I’m sure I’m not the only person who sometimes finds themselves left cold by an acclaimed, cult novel…. right? It’s not anything new of course (hey there, Catcher in the Rye, I’m looking at you…) but it always leaves me wondering whether I’m the only one who has failed to grasp the bigger meaning in something. I know everyone has different tastes but for some reason my inability to get to grips with The Man in the High Castle bothered me more than it should have. I feel like I need someone to explain to me precisely what I’m missing.

I should say, to start with, that I actually think that on the face of it this is a fairly well-constructed and carefully considered take on the alternative war history. In this novel Dick supposes that if Roosevelt had been assassinated early in his presidency then the US, and the Allies as a whole, may well have gone on to lose the Second World War. In his alternate post-war world the former Allied states have been divided up by the victors with Germany and Japan now controlling large portions of the former United States. Around this setting Dick constructs a complex story involving the trade in pre-war American ‘antiques’, a German defector and a plot that threatens the tentative peace between the Axis powers. Linking all the characters is The Grasshopper Lies Heavy, a contentious new novel putting forward an alternative history of its own.

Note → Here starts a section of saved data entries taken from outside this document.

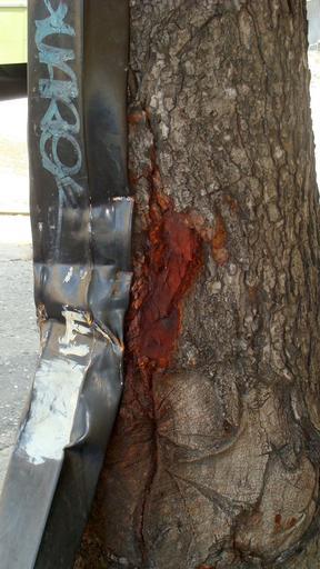 | Keywords: Tronco de caobo.jpg en Mahogany trunk es Tronco de caobo chocado por un camión Puede verse el color rojo intenso de la madera casi negro por debajo de la corteza Caracas Venezuela own Fev 2009-10-04 Dominio público La foto fue tomada unos 15 días después de que el tronco de un caobo fuera impactado por un pequeño camión Este árbol ya fue impactado por varios vehículos varios años atrás y pueden verse las huellas de los distintos choques lo que indica la resistencia de la madera Swietenia macrophylla |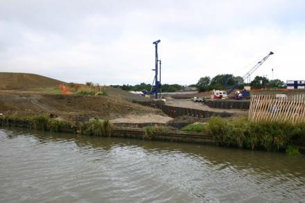 The partially constructed new cut at Two Mile Bend where the canal has been diverted for the construction of the next stage of the Gloucester Ring Road
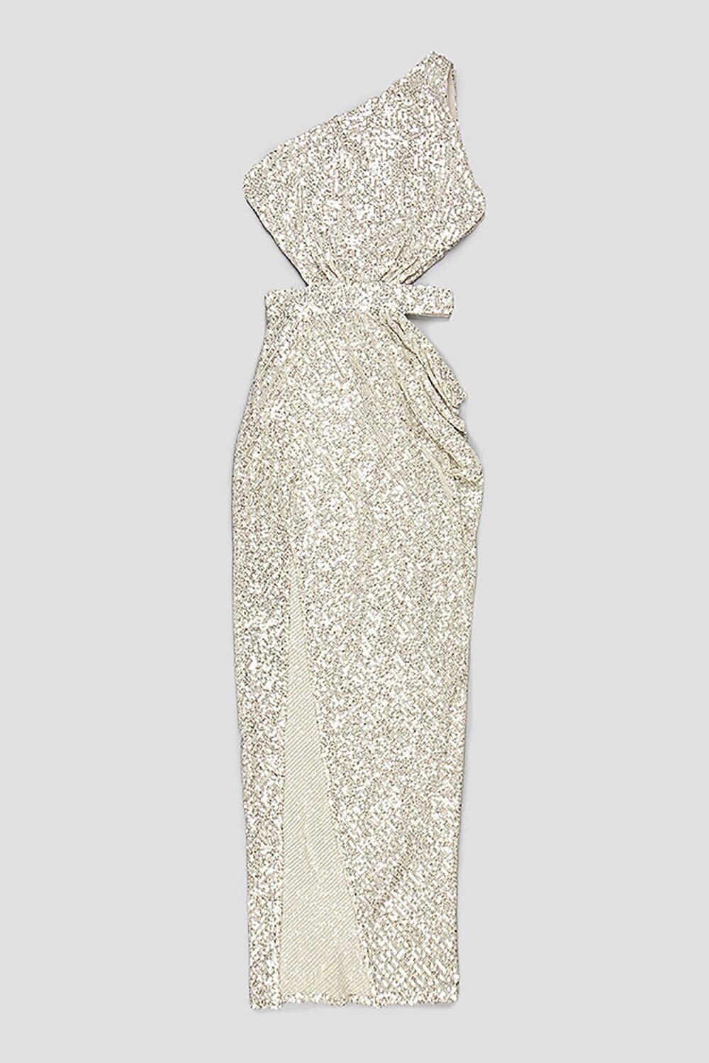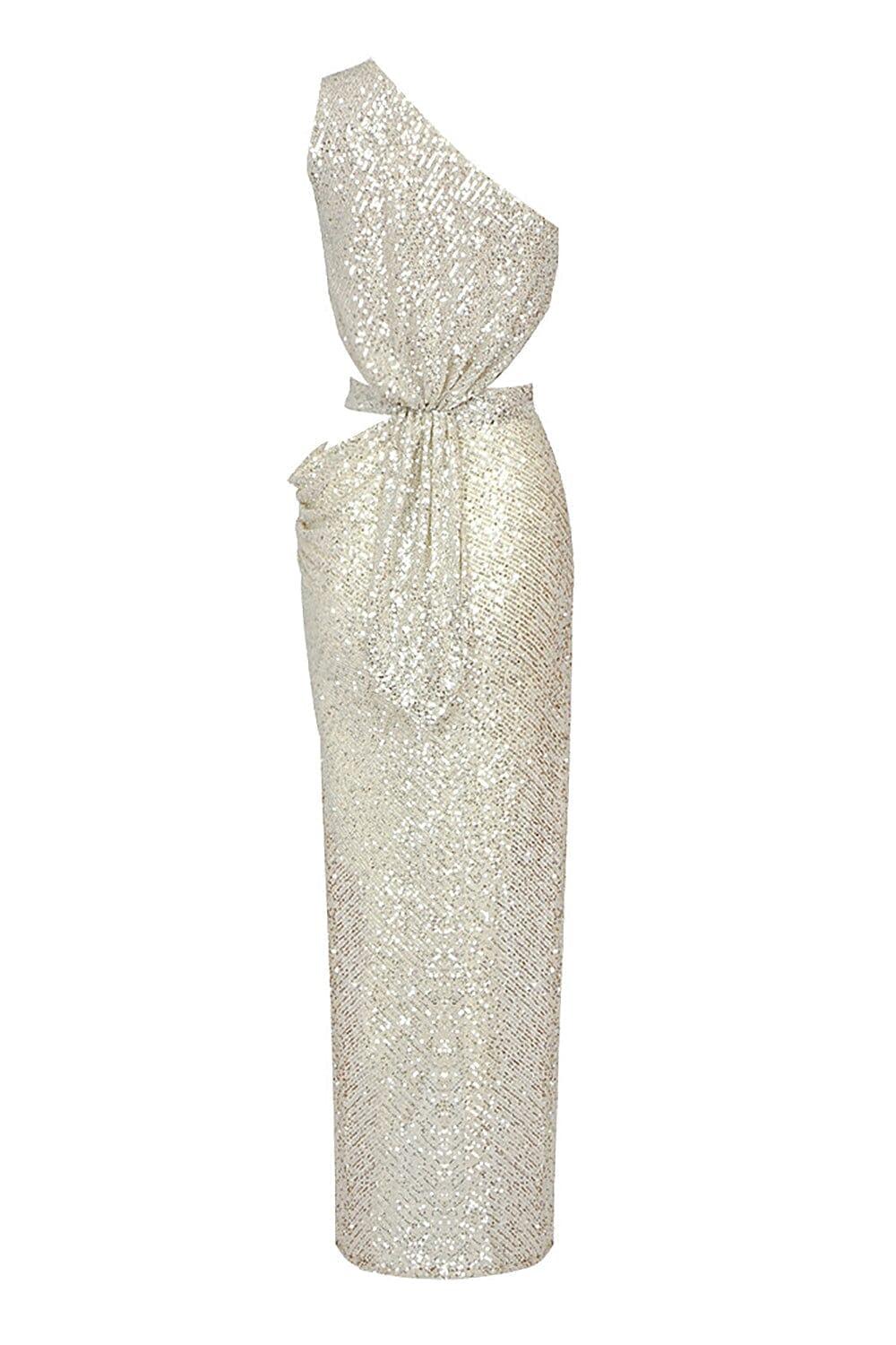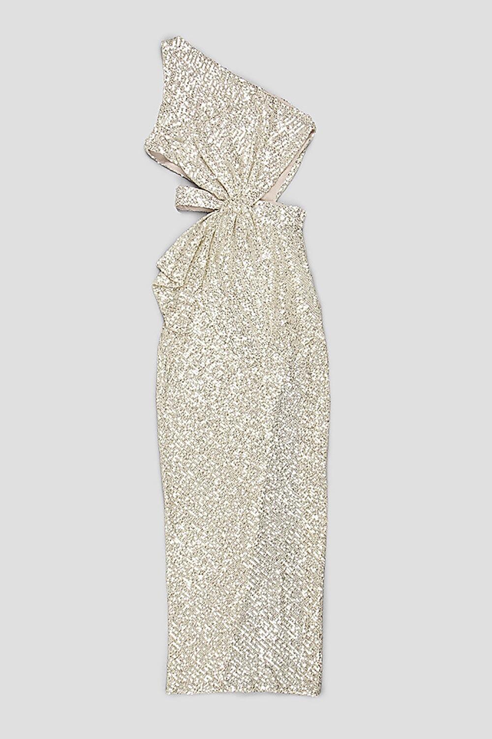 ONE-SHOULDER SEQUINS CUT OUT SPLIT MAXI DRESS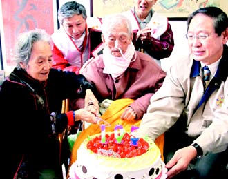 據(jù)臺灣《聯(lián)合報》報道,臺灣桃園榮民服務處長張占魁昨天偕志工為王邁夫祝壽,當熊長貞看著插著鼻胃管的老伴說出“來世再做夫妻”時,每人都動容。
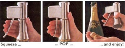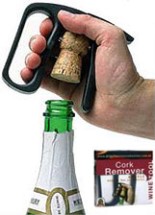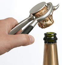 "Champagne Cork Extractor. Twist like a professional! This sturdy cork extractor really is the business. The strong metal jaws get to grips with the cork and hold it firmly under control as you steadily twist the bottle away underneath."
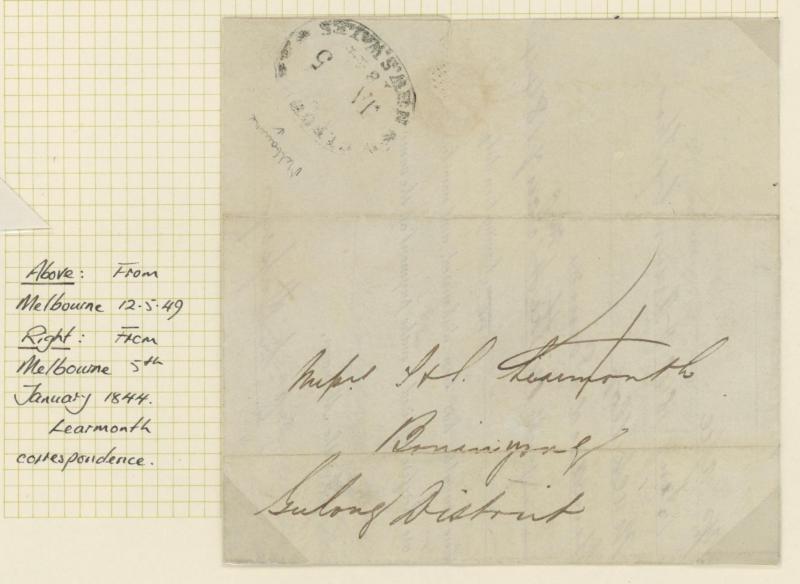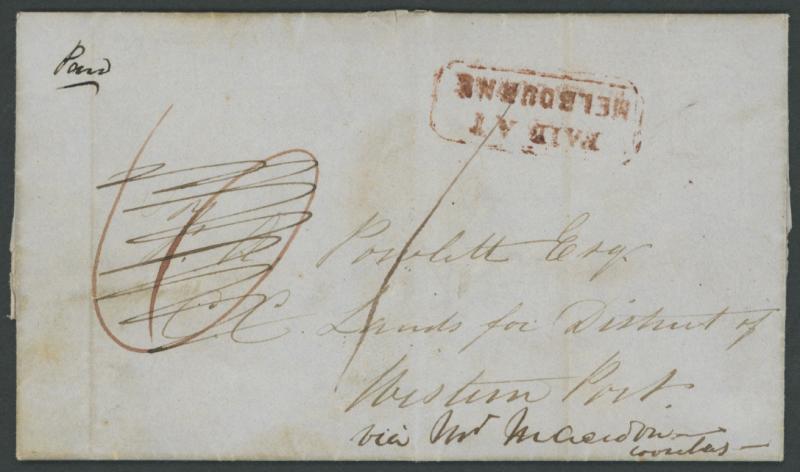 [= Commissioner for Crown] Lands for District of Western Port" at Melbourne endorsed "Paid" at top and "via Mt Macedon coaches" at base in a different ink, largely fine 'PAID AT/MELBOURNE' bevelled-boxed handstamp in red and largely very fine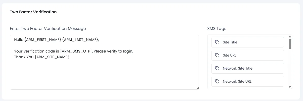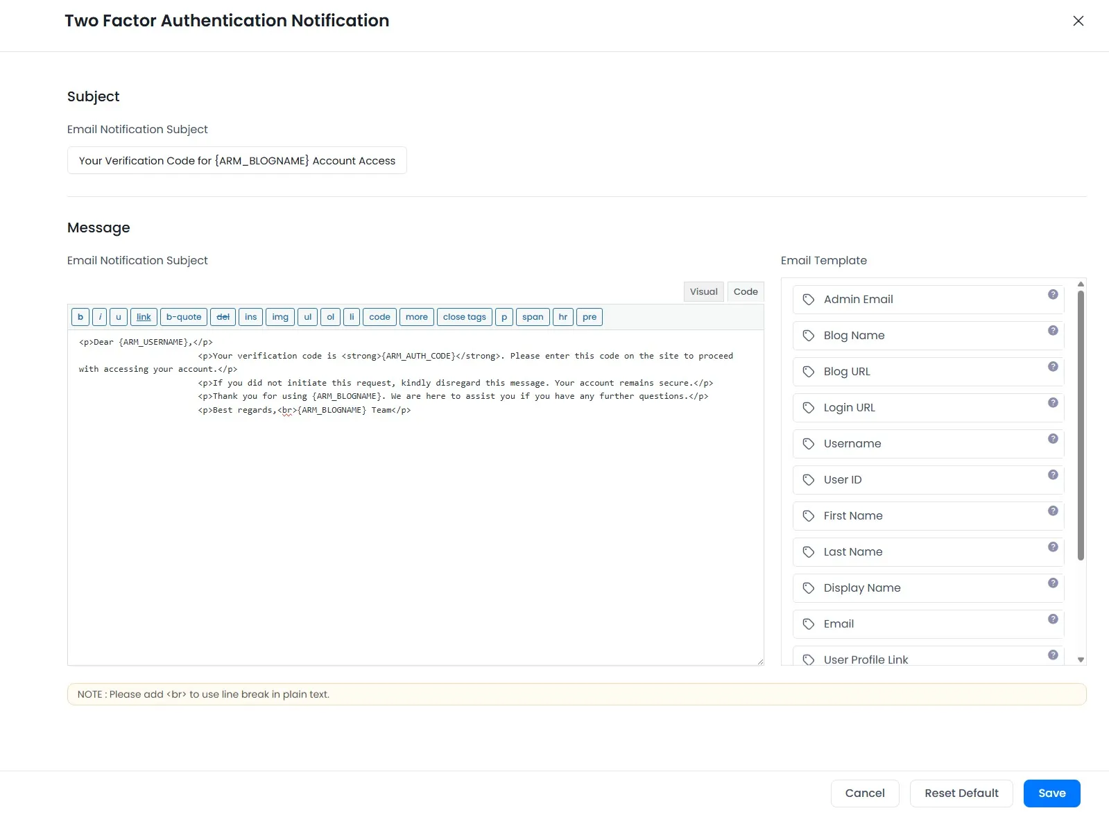 ARMember->Email NotificationEditTwo Factor Authentication Notificationtemplate. -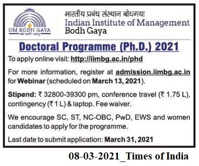 Advertisement for doctoral programme (Ph.D.) 2021 at IIM Bodh Gaya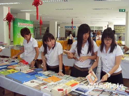 泰国普吉孔子学院十一月十六日举办为期一周的汉语图书展。这次展览是在中国国家汉办的大力支持下进行的。国家汉办为普吉孔子学院提供了数千册图书,包括适合各个层次的汉语教材、辅导书、考试用书、中国文化、中国国情等,还提供了电影、歌曲、百科知识、课程辅导等多种电子产品和文化用品。前来参观的泰国师生对展品表现出极大的兴趣,对于散发着墨香的图书爱不释手,不断提出关于中国文化的各种问题,特别在精美绝伦的中国结等文化用品展台前流连忘返。中新社发 顾时宏 摄

Let’s start with the good stuff. I liked the idea behind this novel. Historical ‘what ifs’ are always interesting to consider and Dick’s speculations are carefully plotted. In fact, my favourite parts of this novel were those passages in which the characters discussed how the course of history might have changed if this or that had happened differently. It’s the kind of rabbit hole thinking my sad little brain loves. Of course, neither of the histories he theorises is true – either the one the characters live in the novel or the one they read about – but I think that’s part of the book’s cleverness. Dick seems to be suggesting that really the course of history can only ever be down to luck, chance and tiny, random decisions. It can’t be predicted.

Unfortunately, however, my enjoyment of this novel was spoiled by the characters. Having created such a vivid and complex world for them to inhabit it’s a shame Dick doesn’t seem to have made the same effort to make them believable. I partly blame this on the fact that there are quite a few of them and the novel jumps around from one to the other quite quickly. Usually I wouldn’t find that annoying at all but when it’s combined with the rather stilted inner monologues Dick writes for his characters and their inexplicable reliance on the I’Ching to guide their decision making it’s suddenly quite an obstacle. Altogether it makes an already fragmented novel feel disjointed and the already shadowy characters feel completely inhuman.

Finally – and this is my last point because I don’t want this to sound like a completely insane rant – I really, really didn’t like the ending. I spent longer than I really needed to rereading and scratching my head over those last few pages because it looked to me like plain bad storytelling.

It’s my own fault for reading something based entirely on the reviews for the Amazon Prime adaptation. Has anyone watched the show? How does it compare to the book?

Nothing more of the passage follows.